I actually stood up in surprise. Thep laughed. Her flashing white teeth reminded me again of how she’d looked in the vision—her lips and the smell of her body. What the hell were the people who came up with Emotion Control thinking anyway? Was the US military that stupid? There was something fundamentally gross about giving people confidence by putting artificial emotions in their heads.

“I never thought I’d hear you say that.” I sat down again.

“It’s what I hear every day. Man-eating cement, vampire soil, killer crops. I know all the insults. In multiple languages.” She started counting terms on her fingers.

“Is that what your staff says?”

“Those guys? You’re joking. No, it’s what
they
say.” She pointed to the tree line beyond the fields. I could see a small black dot hanging above the ridge. As I squinted to bring it into focus, a circle appeared around the object and the image zoomed in. The suit’s high-resolution camera was synced to my attention.

“It’s a kite. There’s a camera array hanging off it.”

“Nature addicts. They’re into aerial photography these days, trying to shoot the progress of the mutation. I told my people to shoot down anything that comes over the fields, but our friends are careful about keeping their kites over the DMZ.”

“All I know about ‘DMZ’ is that it’s a military term. What’s it all about?”

“The DMZ is a buffer zone to protect the crops from insects and weeds. You can just see it there, at the base of the hills.” She pointed. Between the edge of the site and the dense forest beyond was a ribbon of a different green. It looked like only one species of plant was growing there.

“They came up with the concept in the 2010s. It was supposed to make large-scale organic farming possible. Farms were surrounded by barren belts of land that were heavily sprayed with pesticides and defoliants. It was a kill zone for whatever you didn’t want in your fields. Some of the zones were ten clicks wide.

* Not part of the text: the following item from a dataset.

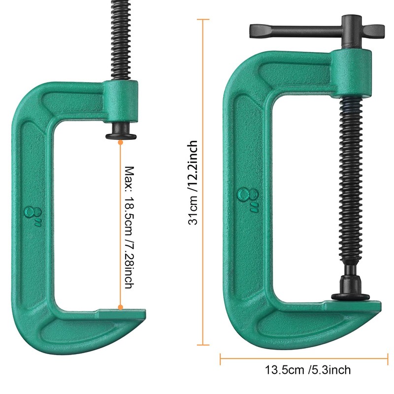 - Size- The jaw opening of c-clamp is 8 inch/ 20 cm and Up to 3 - 3/8 inch/ 8.6 cm throat depth; Clamping force: 5900 lbs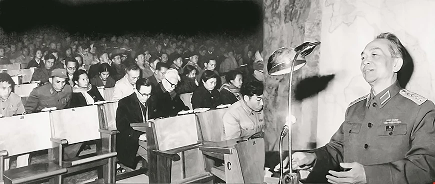 Đại tướng Võ Nguyên Giáp, Phó thủ tướng kiêm Bộ trưởng Bộ Quốc phòng, đọc báo cáo về tình hình và nhiệm vụ quân sự tại kỳ họp thứ 3, Quốc hội khóa IV, tháng 2/1973. Ảnh: Bảo tàng Hồ Chí Minh.

“A DMZ is supposed to maintain peace by keeping combatants apart. I guess the farmers needed a catchy acronym. The thing is, most ‘organic’ farmers still use all kinds of chemicals in the DMZs around their farms.”

“Even around Full Organic distilled crops?”

“Yeah, it’s our dirty little secret. As long as the DMZ is owned and operated by someone else, you can get certified Full Organic without much hassle.”